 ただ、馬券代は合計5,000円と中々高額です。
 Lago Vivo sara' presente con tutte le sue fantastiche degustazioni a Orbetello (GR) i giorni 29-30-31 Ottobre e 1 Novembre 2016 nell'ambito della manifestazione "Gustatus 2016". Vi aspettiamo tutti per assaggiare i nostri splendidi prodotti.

-- -- --

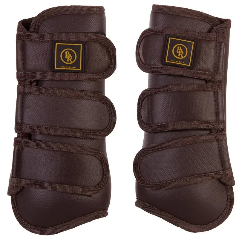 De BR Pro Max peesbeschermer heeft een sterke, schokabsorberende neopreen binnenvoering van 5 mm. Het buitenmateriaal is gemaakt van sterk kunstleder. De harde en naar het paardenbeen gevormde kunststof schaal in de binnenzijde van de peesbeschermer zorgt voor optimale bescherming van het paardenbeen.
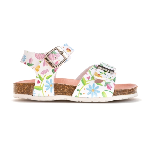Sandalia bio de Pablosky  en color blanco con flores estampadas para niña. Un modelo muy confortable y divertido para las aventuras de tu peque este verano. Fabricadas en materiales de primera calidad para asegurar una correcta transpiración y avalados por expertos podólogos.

-- -- --

Would you please copy, word for word, everything above from the line containing "ただ、馬券代は合計5,000円と中々高額です。" down to the line containing "Lago Vivo sara'", those two lines included?

## Solution for this task:
 ただ、馬券代は合計5,000円と中々高額です。
 Lago Vivo sara' presente con tutte le sue fantastiche degustazioni a Orbetello (GR) i giorni 29-30-31 Ottobre e 1 Novembre 2016 nell'ambito della manifestazione "Gustatus 2016". Vi aspettiamo tutti per assaggiare i nostri splendidi prodotti.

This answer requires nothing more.